REGISTRATION STATEMENT UNDER THE SECURITIES ACT OF 1933


BION ENVIRONMENTAL TECHNOLOGIES, INC.

Exact name of Registrant as Specified in its Charter


Colorado

 

84-1176672

State or Other Jurisdiction of Incorporation

 

IRS Employer Identification Number


Box 566/1774 Summitview Way

Crestone, Colorado 81131

(Address of Principal Executive Offices, Including Zip Code)


(212) 758-6622

(Registrant's Telephone Number, Including Area Code)


Bion Environmental Technologies, Inc.

2006 Consolidated Incentive Plan

(Full title of plan)


Mark A. Smith, President

Bion Environmental Technologies, Inc.

Box 566/1774 Summitview Way, Crestone, Colorado   81131

(Name and address of agent for service)


(212) 758-6622

(Telephone number, including area code, for agent of service)


Copy to:


Jon D. Sawyer, Esq.

Jin, Schauer & Saad LLC

600 Seventeenth Street, Suite 2700 South

Denver, Colorado  80202

(720) 889-2211


Indicate by check mark whether the registrant is a large accelerated filer, an accelerated filer, a non-accelerated filer, or a smaller reporting company.  See the definitions of "large accelerated filer," "accelerated filer" and "smaller reporting company" in Rule 12b-2 of the Exchange Act.

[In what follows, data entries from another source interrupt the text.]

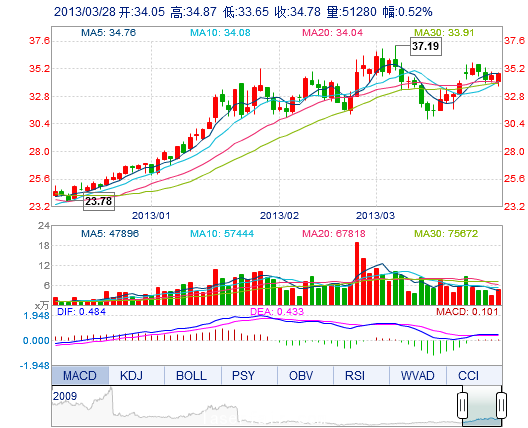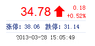 | 最 高: | 34.87 | 成交額: | 1.76億(yi) 元 | 換手率: | 1.86% |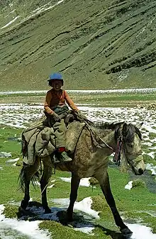 The Tibetan pony is a horse breed originating in Tibet. Once thought to be simple hardy mountain ponies developed from Mongolian stock, recent research indicates that there may be up to six separate horse breeds native to Tibet.[1]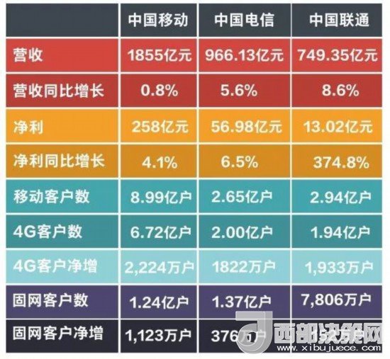 三大運營商在各方面皆呈增長態(tài)勢。移動的營收、凈利雖高,但其營收同比增長率僅為0.8%。聯(lián)通的凈利潤同比增長率高達(dá)374.8%,營收同比增幅也是最高,混改成效顯著。
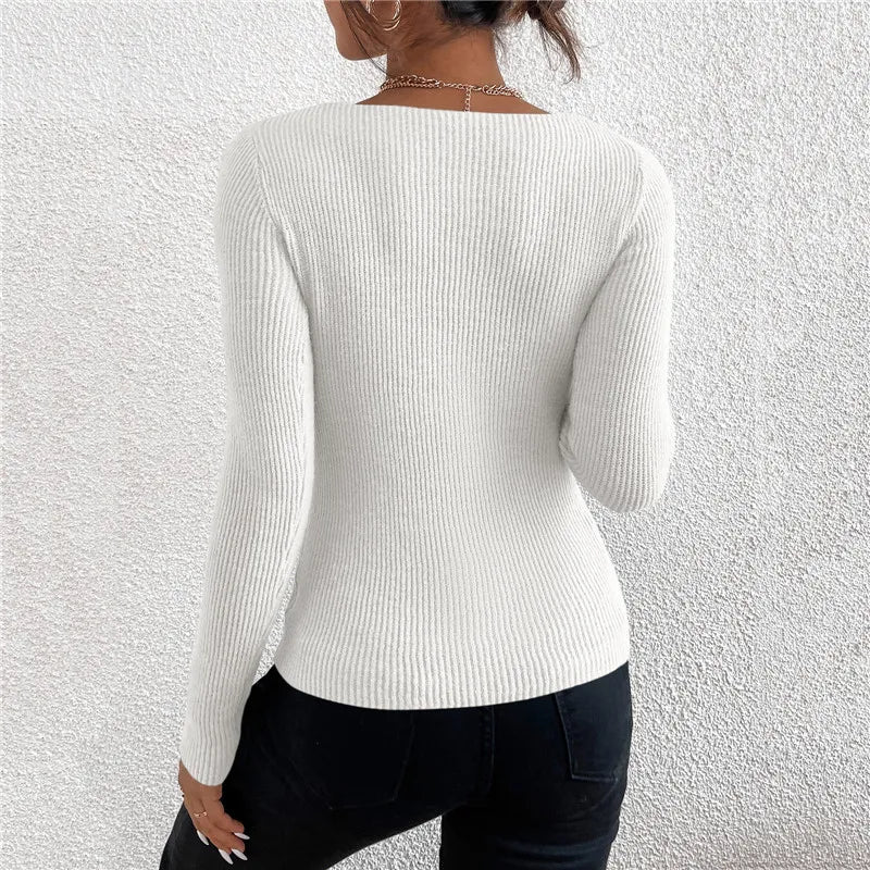Noah - Pull moulant en maille côtelée, col en V élégant et confortable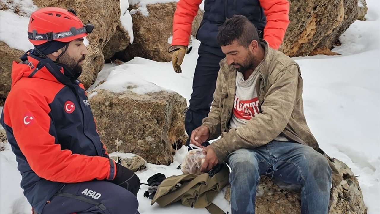 Dondurucu soğuğun etkisini artırdığı saatlerde ekipler, çobanın sığındığı mağaraya ulaşmayı başardı.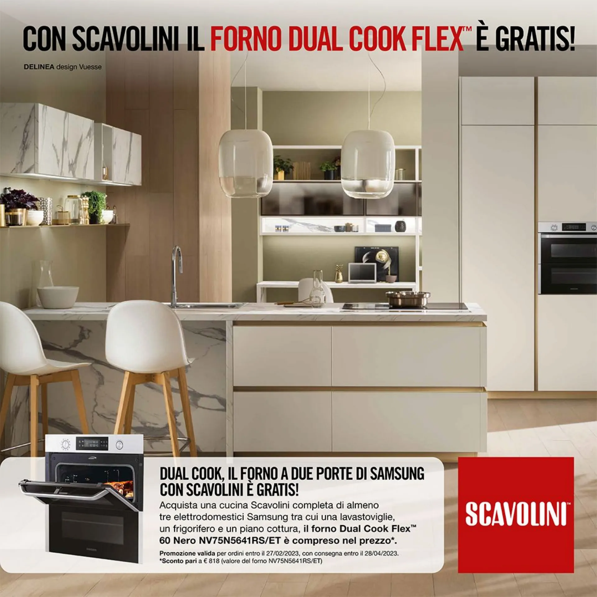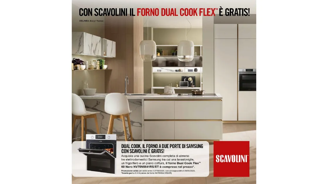 Acquistando una cucina Scavolini completa di elettrodomestici Samsung, in omaggio il forno Dual Cook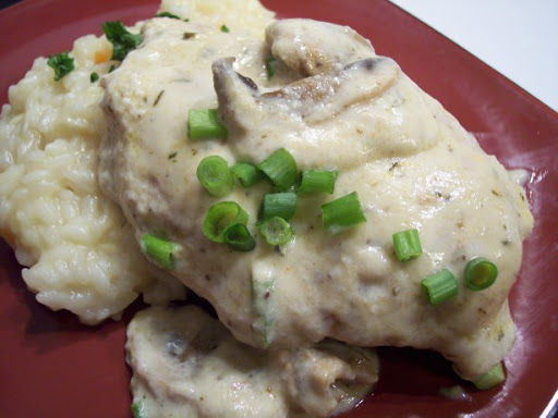 Allow to simmer for approximately 30 minutes. 15 minutes prior to serving remove chicken, stir sour cream into sauce and blend well. Replace the chicken into the sauce and allow to simmer. (I usually put it in the oven at 325°F at this point).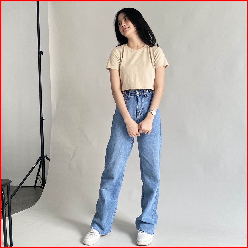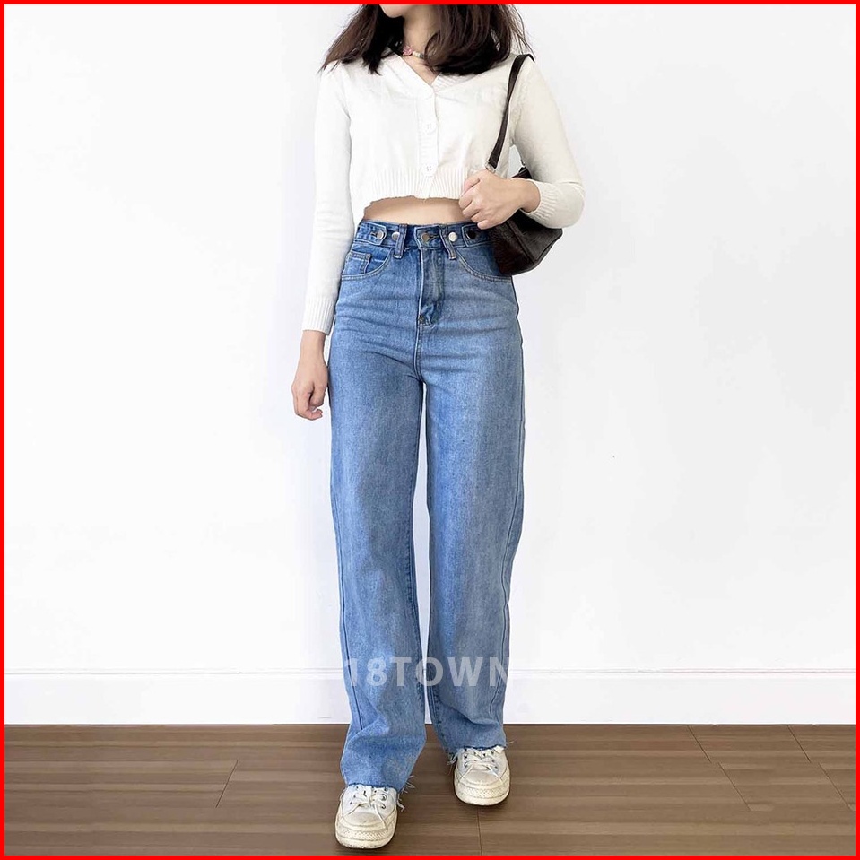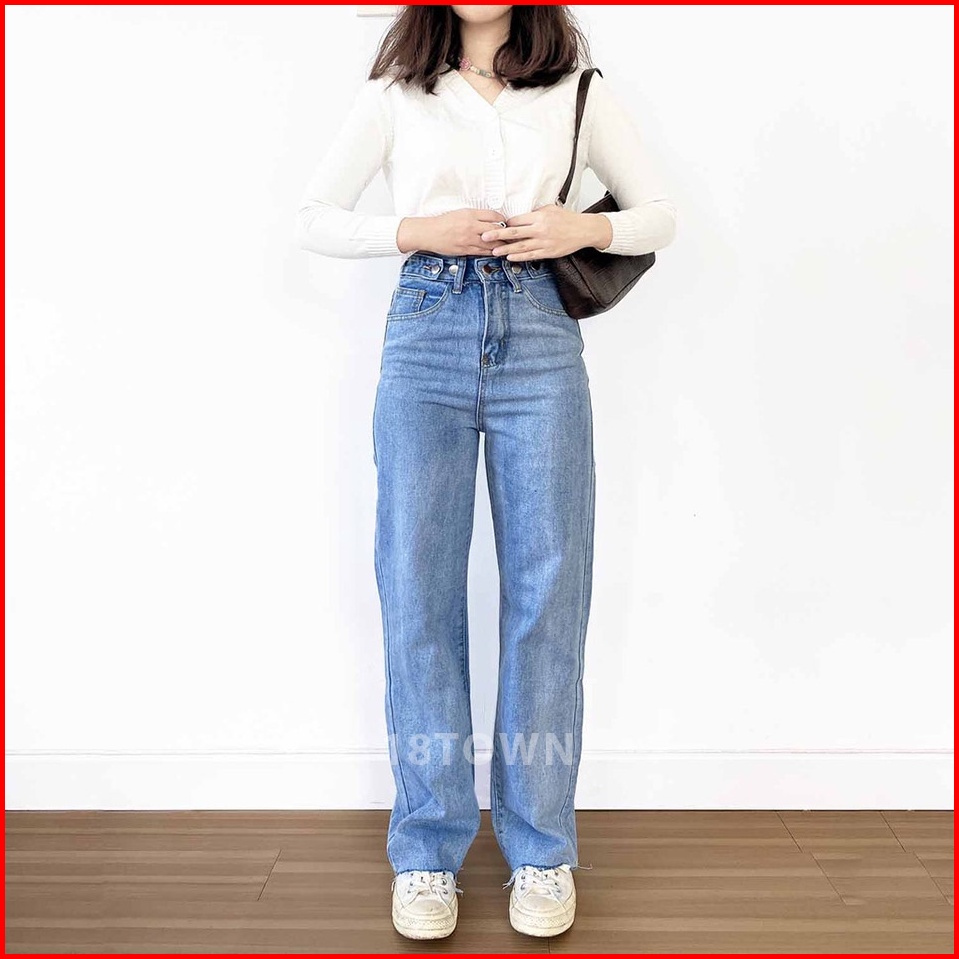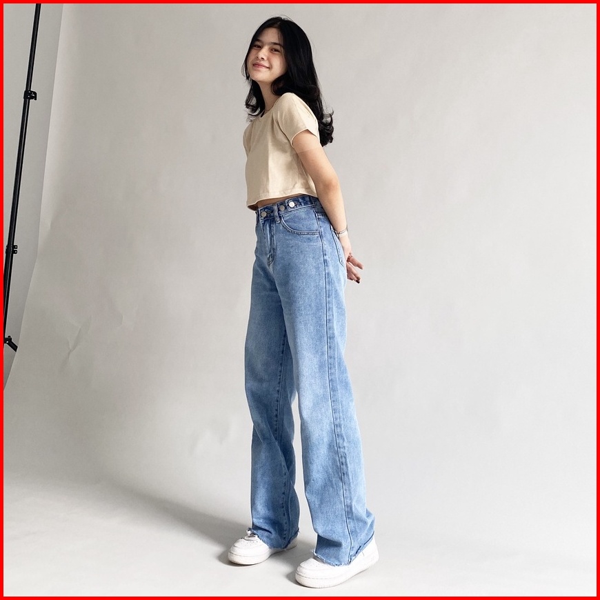 T44 18town Celana Jeans Biru Muda Korea Panjang Model Longgar Baggy Kulot High Waist Bahan Adem

Large accelerated filer   ¨

 

Accelerated filer   ¨

Non-accelerated filer     ¨

(Do not check if a smaller reporting company)

 

Smaller reporting company  x





CALCULATION OF REGISTRATION FEE


Title of Securities to

be Registered

Amount to be

Registered(1)

Proposed Maximum

Offering Price Per

Share

Proposed Maximum

Aggregate Offering

Price

Amount of

Registration Fee

Common Stock,

No Par Value

4,000,000

$1.90 (2)

$7,600,000 (2)

$1,036.64

 

 

 

Total

$1,036.64


(1) Represents increase in the total number of shares reserved for issuance under the 2006 Consolidated Incentive Plan.  A total of 8,000,000 shares have previously been registered under a registration statement on Form S-8 (File No. 333-145153) with respect to the 2006 Consolidated Incentive Plan.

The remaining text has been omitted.